1064     unlink($NAME);
1065     bind  (Server, $uaddr)                      || die "bind: $!";
1066     listen(Server,SOMAXCONN)                    || die "listen: $!";
1067
1068     logmsg "server started on $NAME";
1069
1070     my $waitedpid;
1071
1072     use POSIX ":sys_wait_h";
1073     sub REAPER {
1074         my $child;
1075         while (($waitedpid = waitpid(-1,WNOHANG)) > 0) {
1076             logmsg "reaped $waitedpid" . ($? ? " with exit $?" : '');
1077         }
1078         $SIG{CHLD} = \&REAPER;  # loathe sysV
1079     }
1080
1081     $SIG{CHLD} = \&REAPER;
1082
1083
1084     for ( $waitedpid = 0;
1085           accept(Client,Server) || $waitedpid;
1086           $waitedpid = 0, close Client)
1087     {
1088         next if $waitedpid;
1089         logmsg "connection on $NAME";
1090         spawn sub {
1091             print "Hello there, it's now ", scalar localtime, "\n";
1092             exec '/usr/games/fortune' or die "can't exec fortune: $!";
1093         };
1094     }
1095
1096     sub spawn {
1097         my $coderef = shift;
1098
1099         unless (@_ == 0 && $coderef && ref($coderef) eq 'CODE') {
1100             confess "usage: spawn CODEREF";
1101         }
1102
1103         my $pid;
1104         if (!defined($pid = fork)) {
1105             logmsg "cannot fork: $!";
1106             return;
1107         } elsif ($pid) {
1108             logmsg "begat $pid";
1109             return; # I'm the parent
1110         }
1111         # else I'm the child -- go spawn
1112
1113         open(STDIN,  "<&Client")   || die "can't dup client to stdin";
1114         open(STDOUT, ">&Client")   || die "can't dup client to stdout";
1115         ## open(STDERR, ">&STDOUT") || die "can't dup stdout to stderr";
1116         exit &$coderef();
1117     }
1118
1119 As you see, it's remarkably similar to the Internet domain TCP server, so
1120 much so, in fact, that we've omitted several duplicate functions--spawn(),
1121 logmsg(), ctime(), and REAPER()--which are exactly the same as in the
1122 other server.
1123
1124 So why would you ever want to use a Unix domain socket instead of a
1125 simpler named pipe?  Because a named pipe doesn't give you sessions.  You
1126 can't tell one process's data from another's.  With socket programming,
1127 you get a separate session for each client: that's why accept() takes two
1128 arguments.
1129
1130 For example, let's say that you have a long running database server daemon
1131 that you want folks from the World Wide Web to be able to access, but only
1132 if they go through a CGI interface.  You'd have a small, simple CGI
1133 program that does whatever checks and logging you feel like, and then acts
1134 as a Unix-domain client and connects to your private server.
1135
1136 =head1 TCP Clients with IO::Socket
1137
1138 For those preferring a higher-level interface to socket programming, the
1139 IO::Socket module provides an object-oriented approach.  IO::Socket is
1140 included as part of the standard Perl distribution as of the 5.004
1141 release.  If you're running an earlier version of Perl, just fetch
1142 IO::Socket from CPAN, where you'll also find modules providing easy
1143 interfaces to the following systems: DNS, FTP, Ident (RFC 931), NIS and
1144 NISPlus, NNTP, Ping, POP3, SMTP, SNMP, SSLeay, Telnet, and Time--just
1145 to name a few.
1146
1147 =head2 A Simple Client
1148
1149 Here's a client that creates a TCP connection to the "daytime"

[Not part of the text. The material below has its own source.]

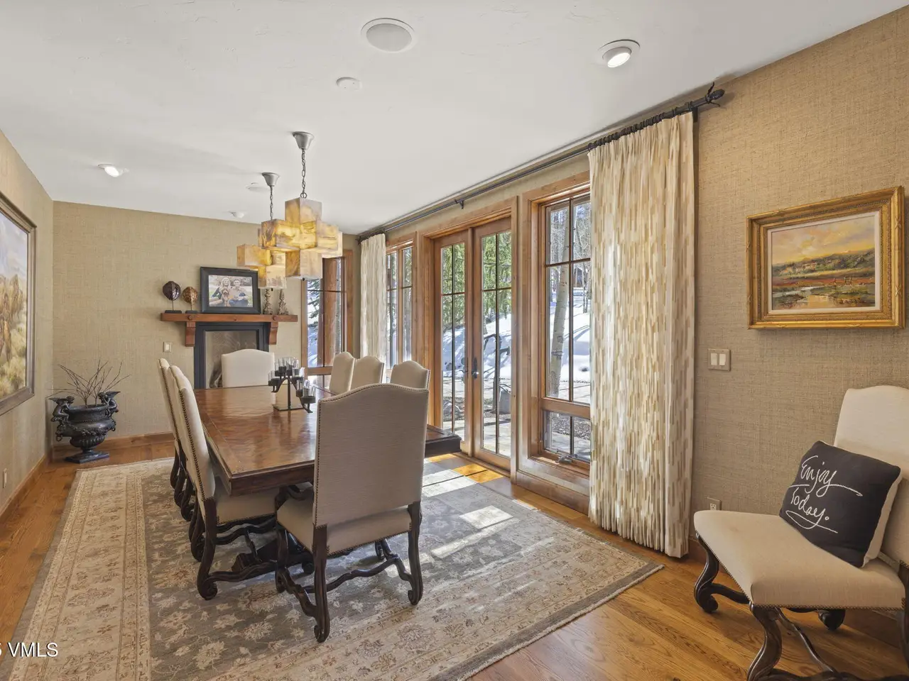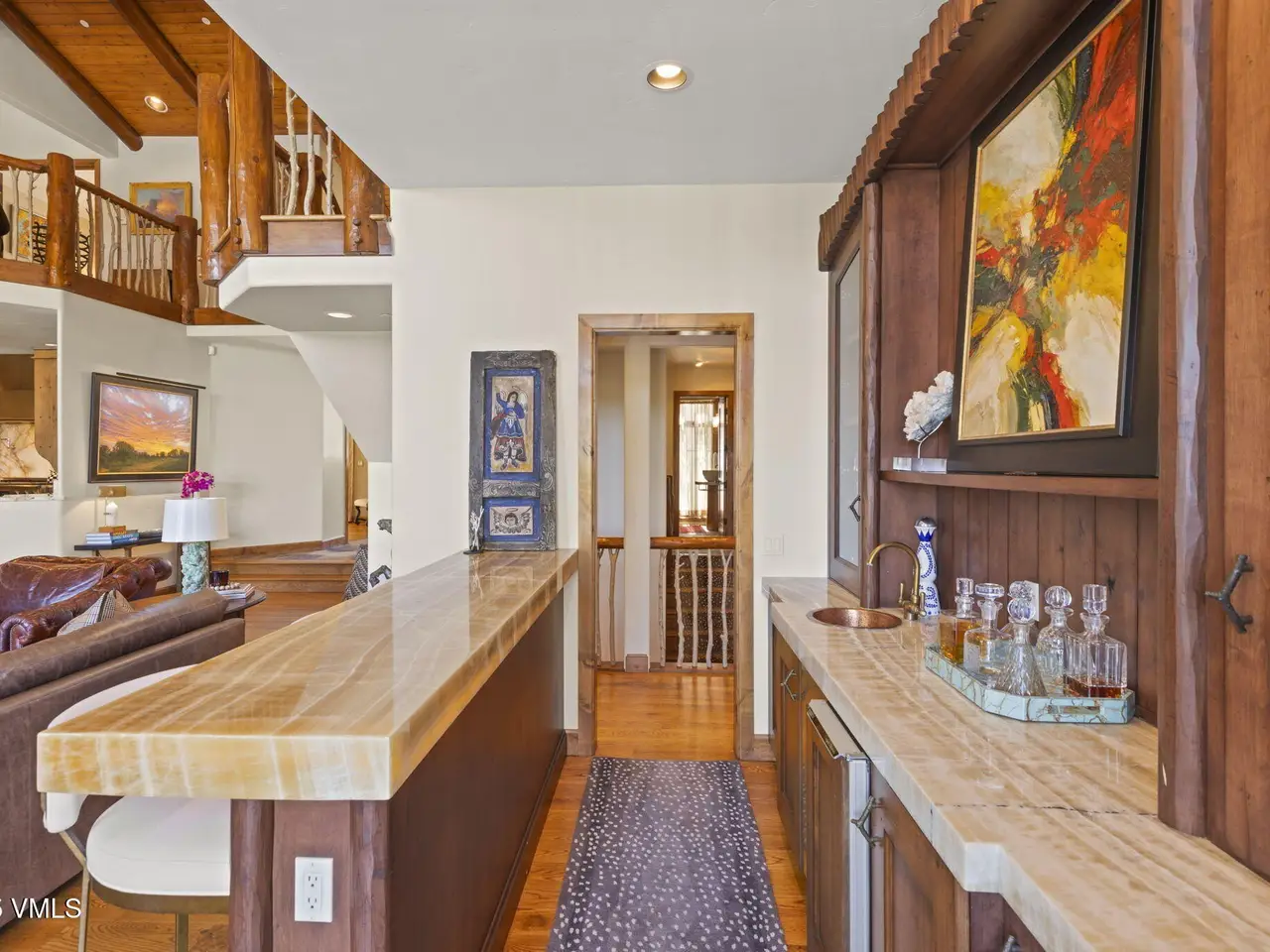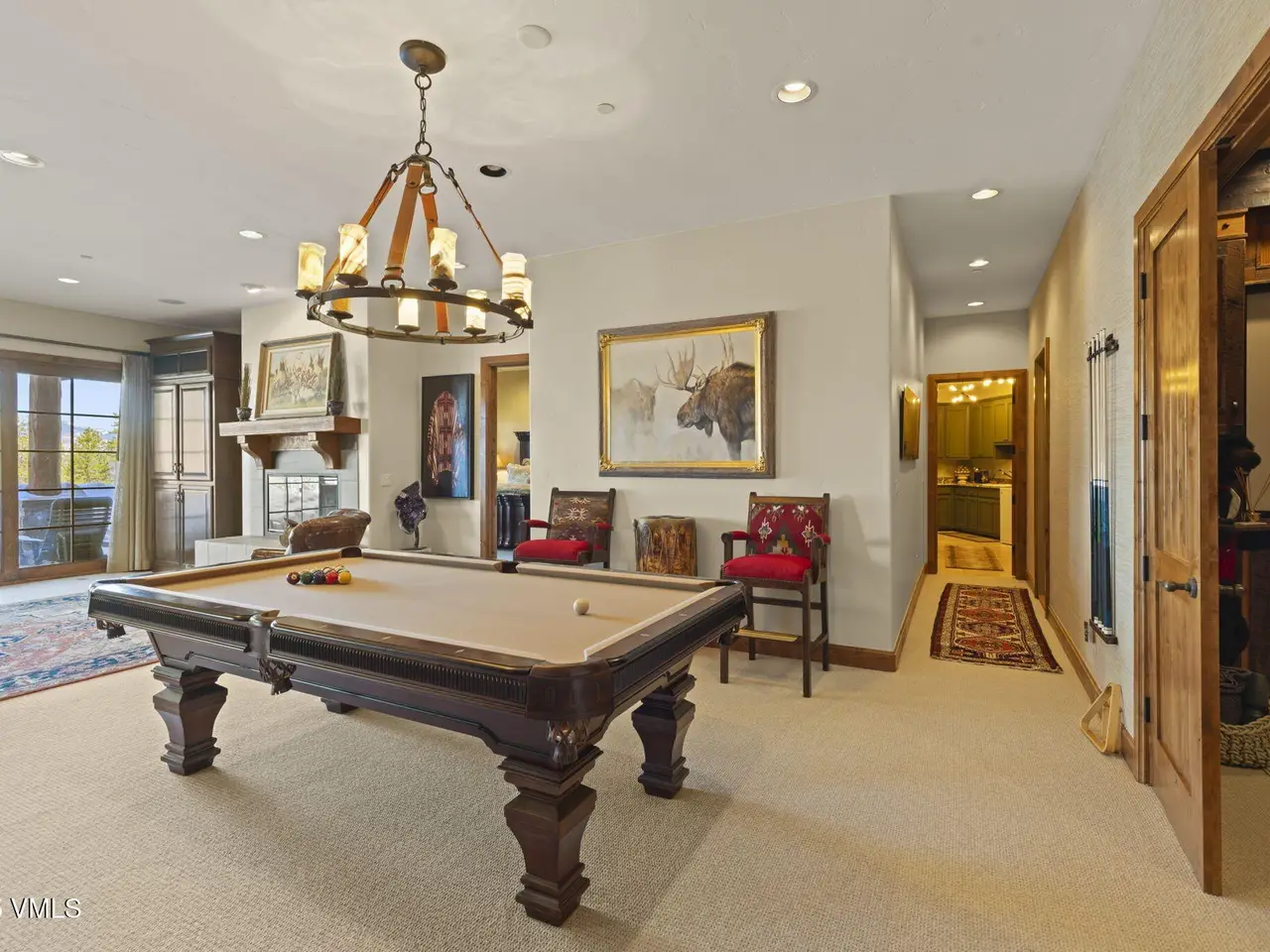 Perched on a premier, elevated site just beyond the gates of The Ranch, this remarkable mountain estate embodies the spirit of Colorado living. Crafted with massive hand-peeled log accents and warm, natural materials throughout, the home blends rustic elegance with thoughtful, sophisticated design. Inside, expansive living spaces are tailored for both grand entertaining and quiet retreat, featuring dedicated areas for movie nights, fitness, soaking under the stars in the outdoor hot tub, game days, billiards and a well appointed wine tasting enclave. The heart of the home is a beautiful chef's kitchen, complete with high-end appliances and an adjacent morning room filled with natural light-the perfect place to start your day. For those who work remotely or need a quiet place to create, there are two private offices. The layout includes two luxurious primary suites, four additional guest suites, and a custom-built bunk room that can comfortably sleep a crowd. Panoramic views stretch out to the Gore Range, completing this one-of-a-kind alpine retreat.

1150 service at port 13 of the host name "localhost" and prints out everything
1151 that the server there cares to provide.
1152
1153     #!/usr/bin/perl -w
1154     use IO::Socket;
1155     $remote = IO::Socket::INET->new(
1156                         Proto    => "tcp",
1157                         PeerAddr => "localhost",
1158                         PeerPort => "daytime(13)",
1159                     )
1160                   or die "cannot connect to daytime port at localhost";
1161     while ( <$remote> ) { print }
1162
1163 When you run this program, you should get something back that
1164 looks like this:
1165
1166     Wed May 14 08:40:46 MDT 1997
1167
1168 Here are what those parameters to the C<new> constructor mean:
1169
1170 =over 4
1171
1172 =item C<Proto>
1173
1174 This is which protocol to use.  In this case, the socket handle returned
1175 will be connected to a TCP socket, because we want a stream-oriented
1176 connection, that is, one that acts pretty much like a plain old file.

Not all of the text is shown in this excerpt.